As with all classical archaeologists, whose excavations shed so much surprising light on antiquity, Miller and his students are now ready to organize and classify their treasured finds from the summer season, and to plan for next season’s dig.
“In the earthen mound where we saw the imprints of wheel cuts, we also have a bronze vessel of the kind that was always used for pouring libations,” Miller said. That mound goes back to 600 B.C., so now we wonder what happened there in that complex of religion and athletics even before the Nemean games.”
Archaeology doesn’t come cheap, and each season at Nemea costs at least $150,000 for the team, the equipment, and the 35 local workers from the nearby town of modern Nemea, whom Miller calls “the core of the project.” The money all comes from private sources — and not the least of Miller’s jobs is lecturing to the public and combing the territory for contributions.
SECTION 3
Question 27-31
Complete the table below. Write a date for each answer. Write your answers in boxes 27 – 31 on your answer sheet
Example
The time the Nemean games began 573 BC
The beginning date of the Nemea excavation …(27)…
The date that Miller found the altar to Zeus …(28)…
When Miller first learned there was a hippodrome at the Temple of Zeus …(29)…
When Miller finally concluded he had found an old reservoir …(30)…

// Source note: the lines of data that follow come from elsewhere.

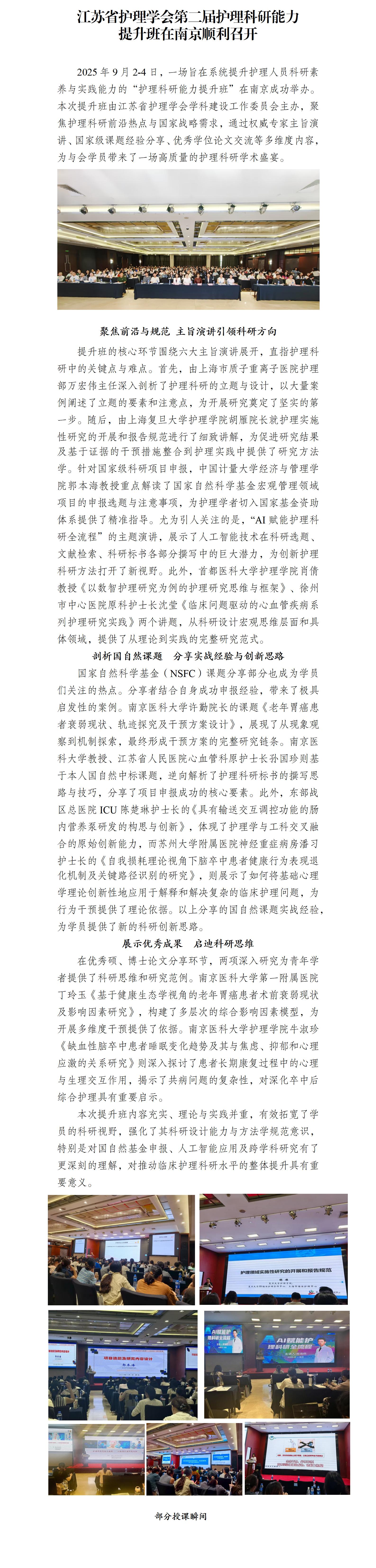 江苏省护理学会第二届护理科研能力提升班在南京顺利召开
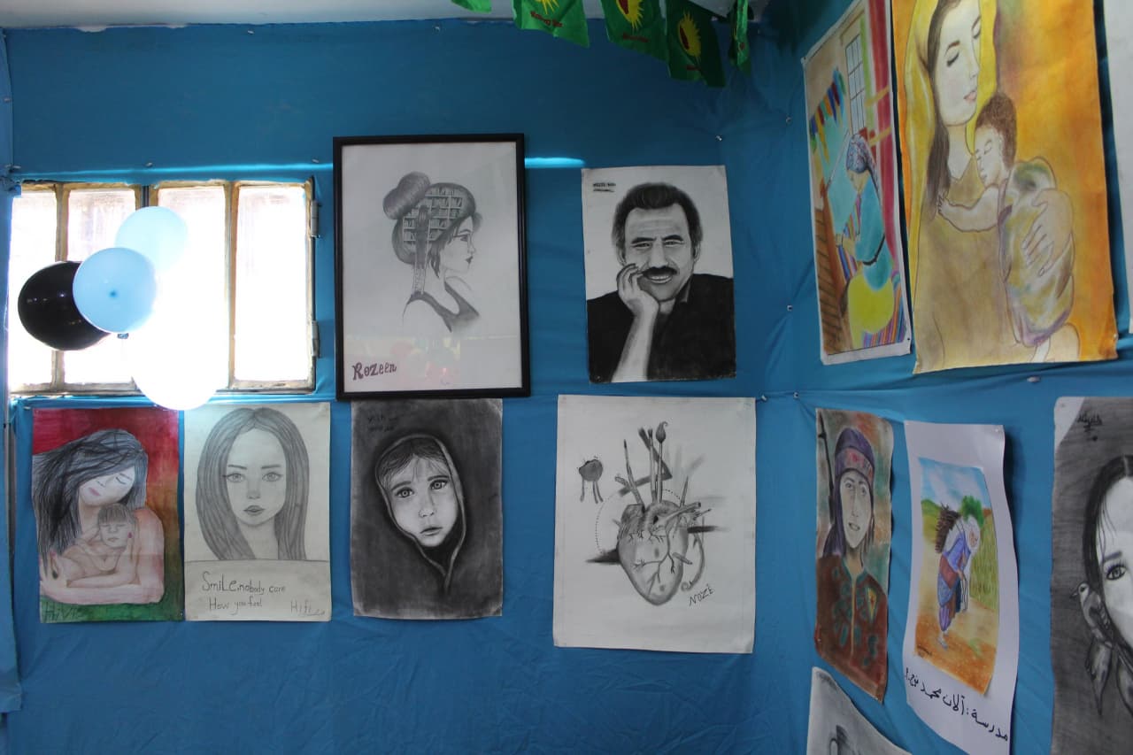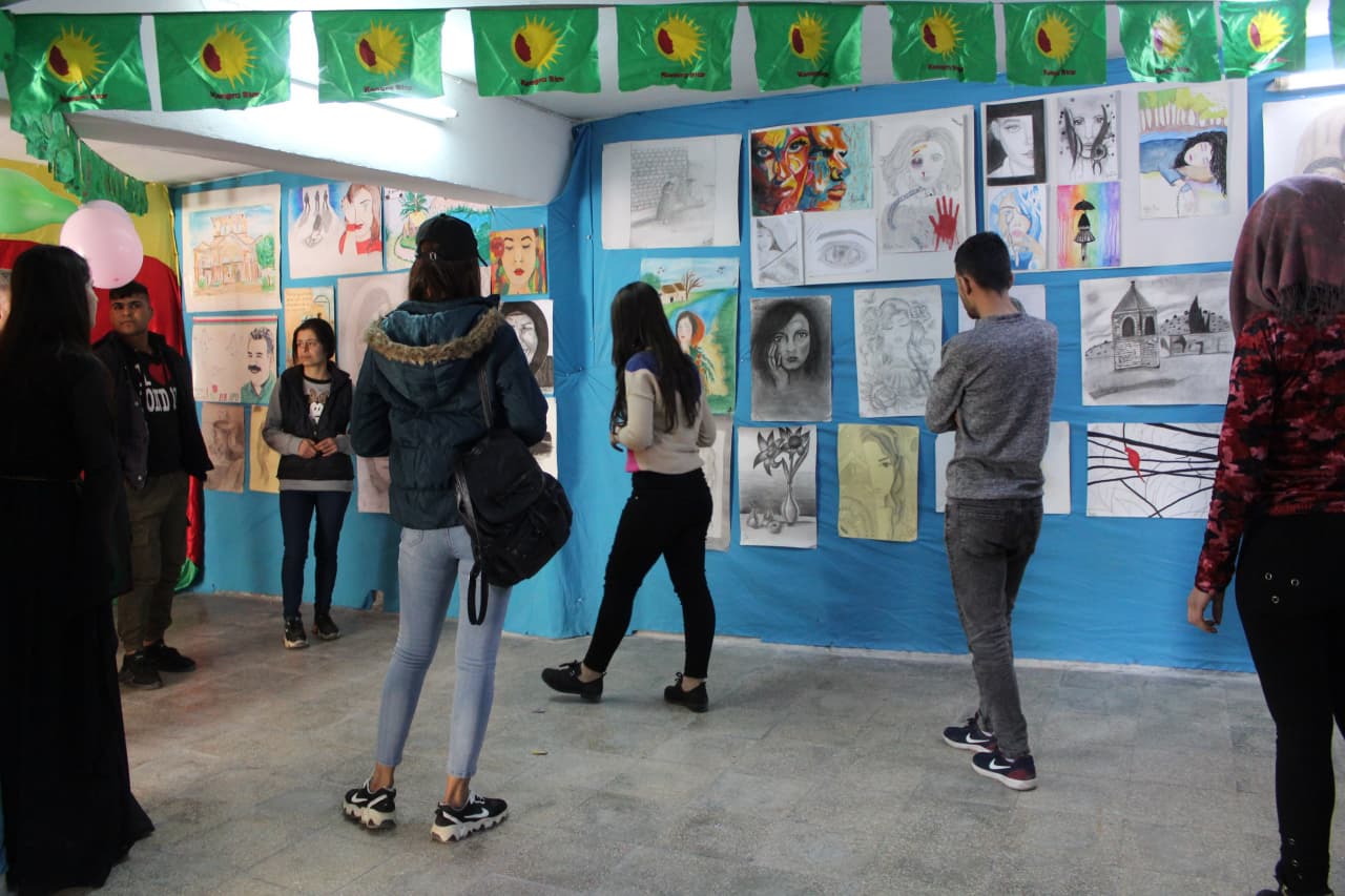 Şêxmeqsûd mahallesinde açılan sergide öğrenciler tarafından yapılan resimler yer aldı.
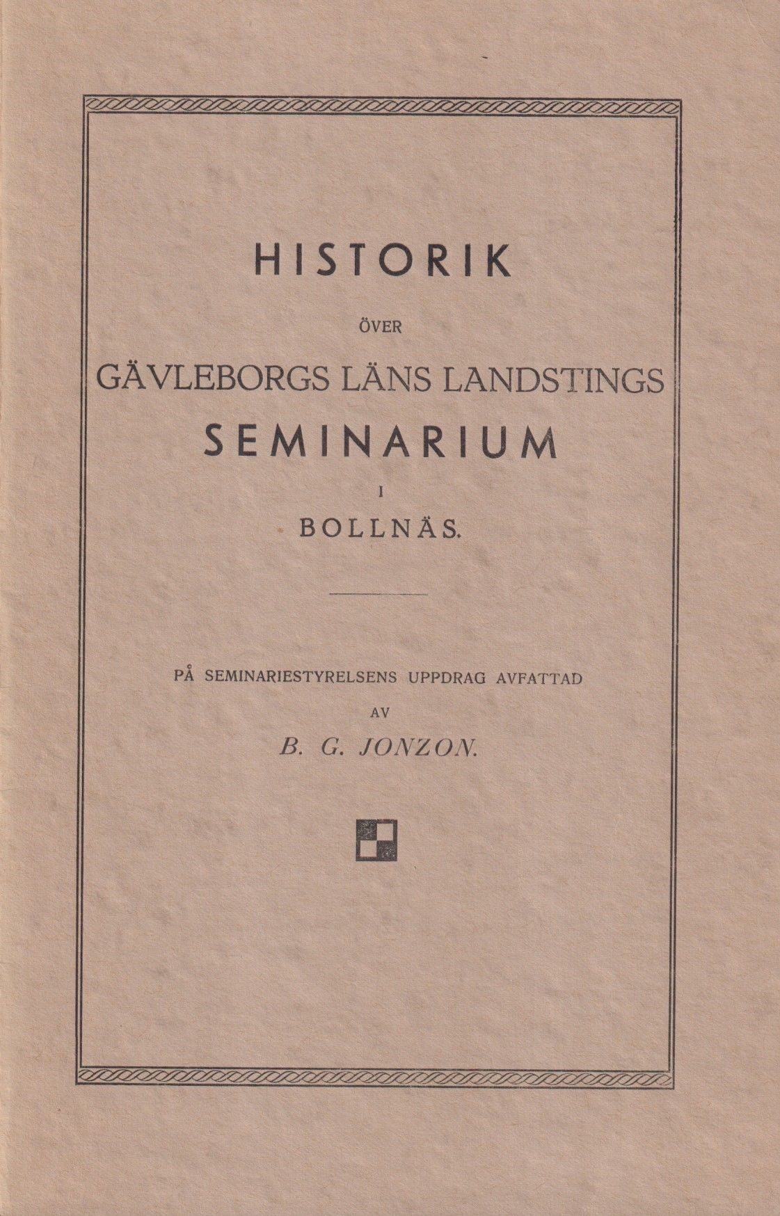 Historik över Gävleborgs läns landstings seminarium i Bollnäs. På seminariestyrelsens uppdrag avfattad av B.G. Jonzon.
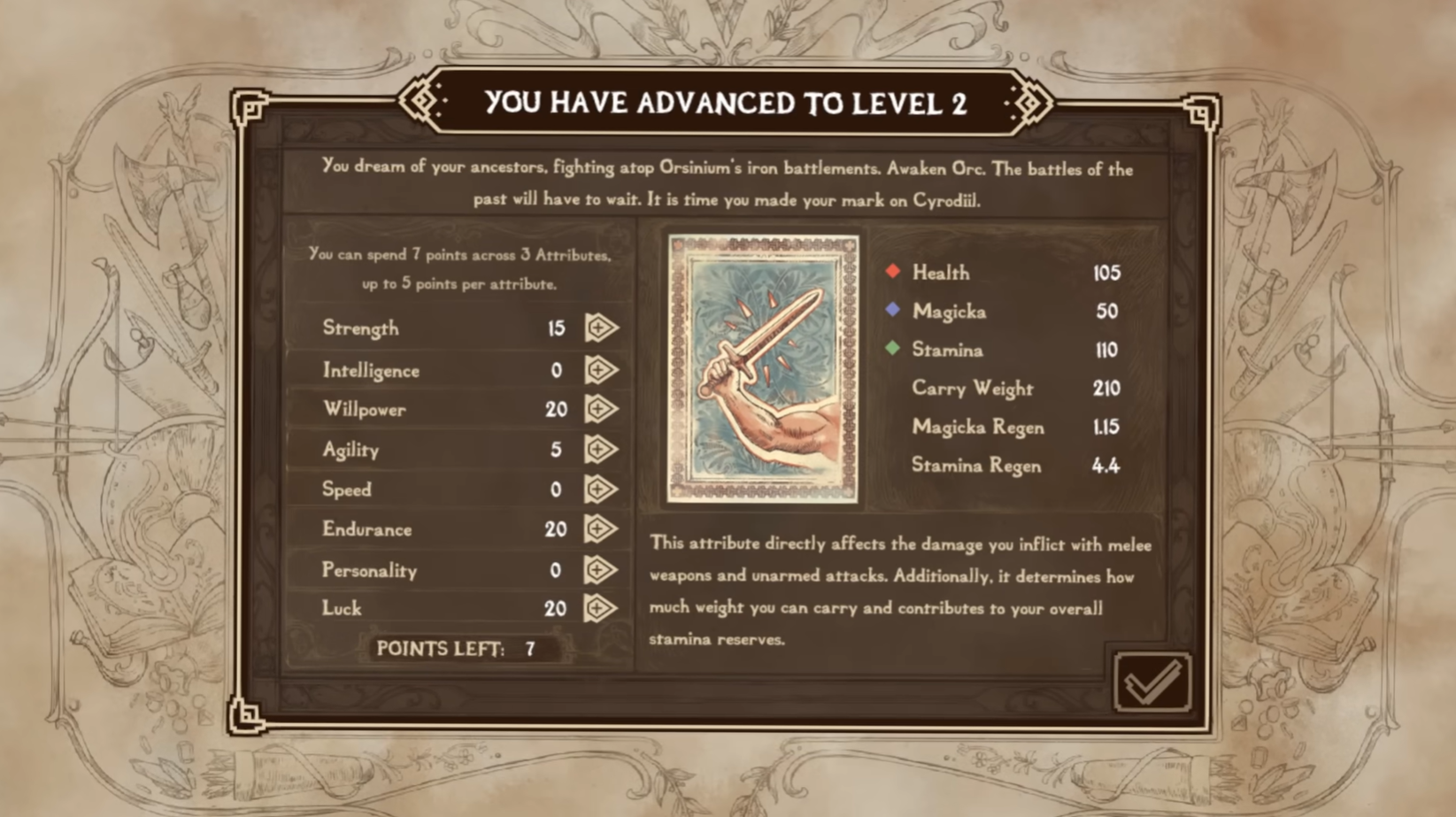 Правила Oblivion сохраняются: повышение уровня можно осуществить только когда герой ложится спать.

When Miller found the ancient locker room …(31)…
Questions 32 — 36
Do the following statements reflect the claims of the writer of the reading passage ln boxes 32 – 36 on your answer sheet write
YES if the statement reflects the claims of the writer
NO if the statement contradicts the writer
NOT GIVEN if it is impossible to say what the writer thinks about this
32. The author believes it must be also difficult for Miller to find funds for the excavation.
33. Miller goes far beyond what an archaeologist traditionally normally does.
34. Religion played a key role in the games.
35. The games were far more interesting in the past than now.
36. The Nemean games influenced the modern Olympic Games.
Questions 37 – 40
Complete each of the following statements with a name from the reading passage. Write your answers in lines 37 40 on your answer sheet.
Miller’s excavations at _______37______ led him to look for a____ 38________ where horse races were held. He found a___ 39_______ , and eight months later he found an________ 40_______ ,which athletes used as a locker room.